TASK DETAILS:
Reproduce each record verbatim, images excluded.

DATA PROVIDED:
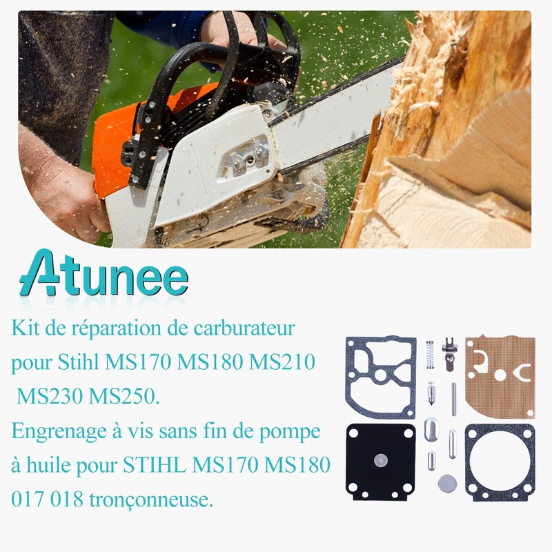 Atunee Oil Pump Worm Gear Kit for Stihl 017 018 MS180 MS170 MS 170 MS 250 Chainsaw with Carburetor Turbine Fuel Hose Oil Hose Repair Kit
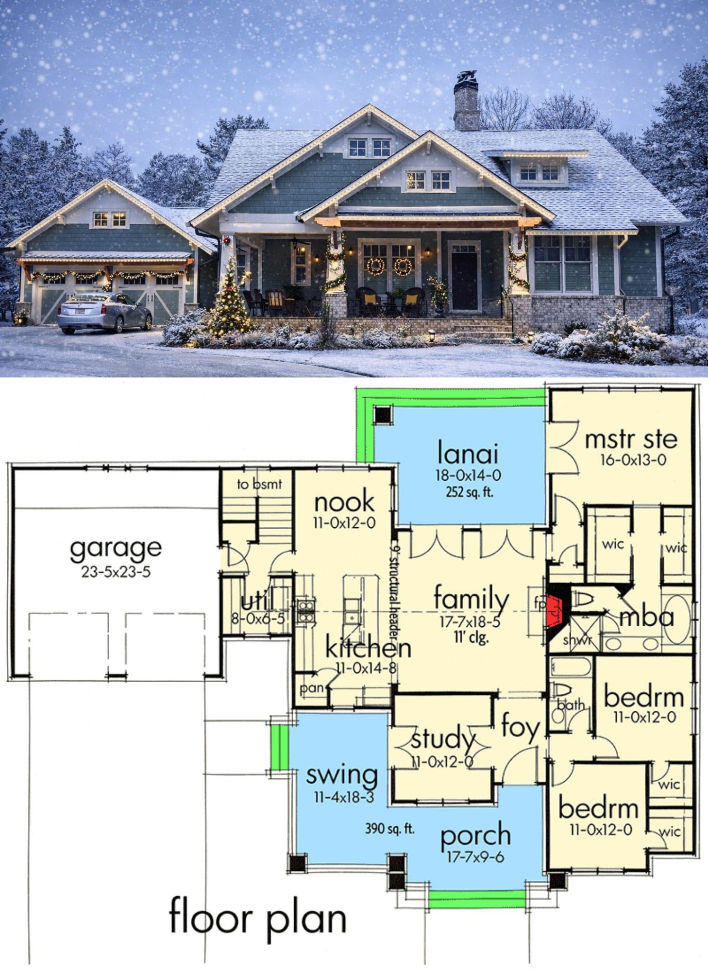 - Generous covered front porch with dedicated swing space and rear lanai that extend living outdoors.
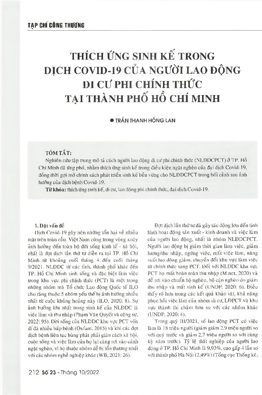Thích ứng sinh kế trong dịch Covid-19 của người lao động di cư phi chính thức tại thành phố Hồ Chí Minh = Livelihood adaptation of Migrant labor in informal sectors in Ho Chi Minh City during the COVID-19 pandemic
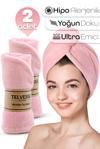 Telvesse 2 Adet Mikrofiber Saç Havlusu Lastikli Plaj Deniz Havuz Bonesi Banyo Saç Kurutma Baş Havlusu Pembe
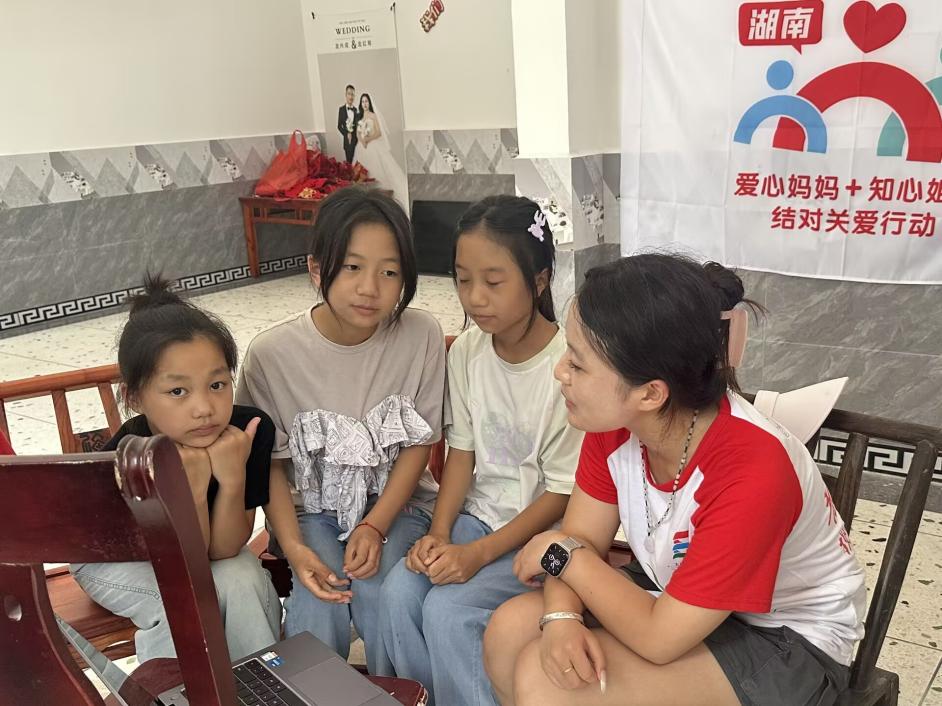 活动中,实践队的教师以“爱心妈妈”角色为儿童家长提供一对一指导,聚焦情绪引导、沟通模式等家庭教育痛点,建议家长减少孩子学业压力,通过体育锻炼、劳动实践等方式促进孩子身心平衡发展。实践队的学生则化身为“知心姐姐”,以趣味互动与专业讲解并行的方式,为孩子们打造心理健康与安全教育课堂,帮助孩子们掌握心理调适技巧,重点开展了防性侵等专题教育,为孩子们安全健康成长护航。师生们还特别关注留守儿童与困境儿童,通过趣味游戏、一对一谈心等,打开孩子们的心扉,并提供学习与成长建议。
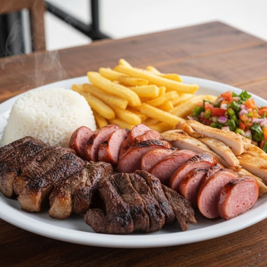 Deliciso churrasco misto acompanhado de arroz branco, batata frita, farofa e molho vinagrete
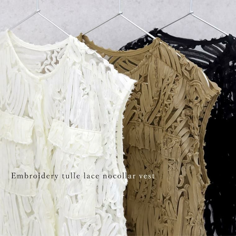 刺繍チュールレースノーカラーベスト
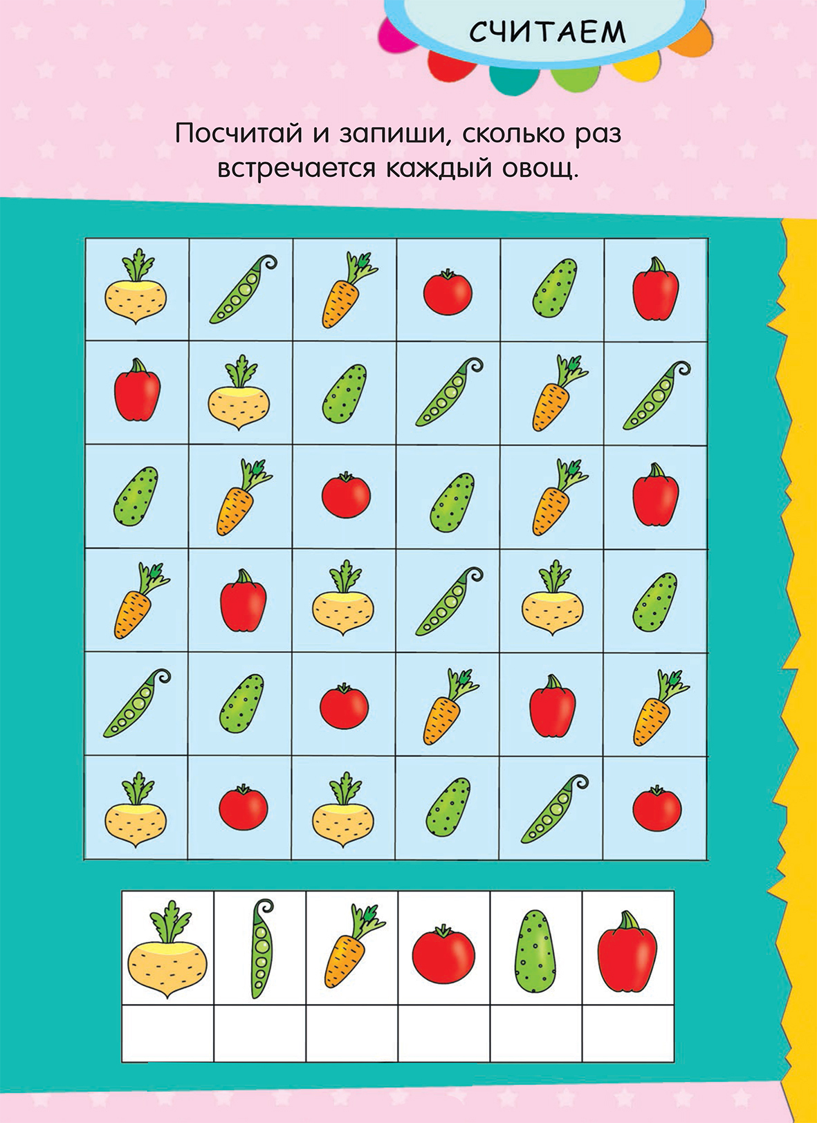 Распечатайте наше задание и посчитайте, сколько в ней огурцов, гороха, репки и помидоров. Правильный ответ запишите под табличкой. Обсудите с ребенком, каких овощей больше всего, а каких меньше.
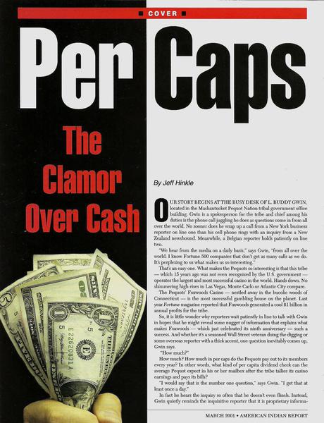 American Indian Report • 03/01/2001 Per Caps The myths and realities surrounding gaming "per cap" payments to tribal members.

RESULT OF THIS EXERCISE:
 Atunee Oil Pump Worm Gear Kit for Stihl 017 018 MS180 MS170 MS 170 MS 250 Chainsaw with Carburetor Turbine Fuel Hose Oil Hose Repair Kit
 - Generous covered front porch with dedicated swing space and rear lanai that extend living outdoors.
Thích ứng sinh kế trong dịch Covid-19 của người lao động di cư phi chính thức tại thành phố Hồ Chí Minh = Livelihood adaptation of Migrant labor in informal sectors in Ho Chi Minh City during the COVID-19 pandemic
 Telvesse 2 Adet Mikrofiber Saç Havlusu Lastikli Plaj Deniz Havuz Bonesi Banyo Saç Kurutma Baş Havlusu Pembe
 活动中,实践队的教师以“爱心妈妈”角色为儿童家长提供一对一指导,聚焦情绪引导、沟通模式等家庭教育痛点,建议家长减少孩子学业压力,通过体育锻炼、劳动实践等方式促进孩子身心平衡发展。实践队的学生则化身为“知心姐姐”,以趣味互动与专业讲解并行的方式,为孩子们打造心理健康与安全教育课堂,帮助孩子们掌握心理调适技巧,重点开展了防性侵等专题教育,为孩子们安全健康成长护航。师生们还特别关注留守儿童与困境儿童,通过趣味游戏、一对一谈心等,打开孩子们的心扉,并提供学习与成长建议。
 Deliciso churrasco misto acompanhado de arroz branco, batata frita, farofa e molho vinagrete
 刺繍チュールレースノーカラーベスト
 Распечатайте наше задание и посчитайте, сколько в ней огурцов, гороха, репки и помидоров. Правильный ответ запишите под табличкой. Обсудите с ребенком, каких овощей больше всего, а каких меньше.
 American Indian Report • 03/01/2001 Per Caps The myths and realities surrounding gaming "per cap" payments to tribal members.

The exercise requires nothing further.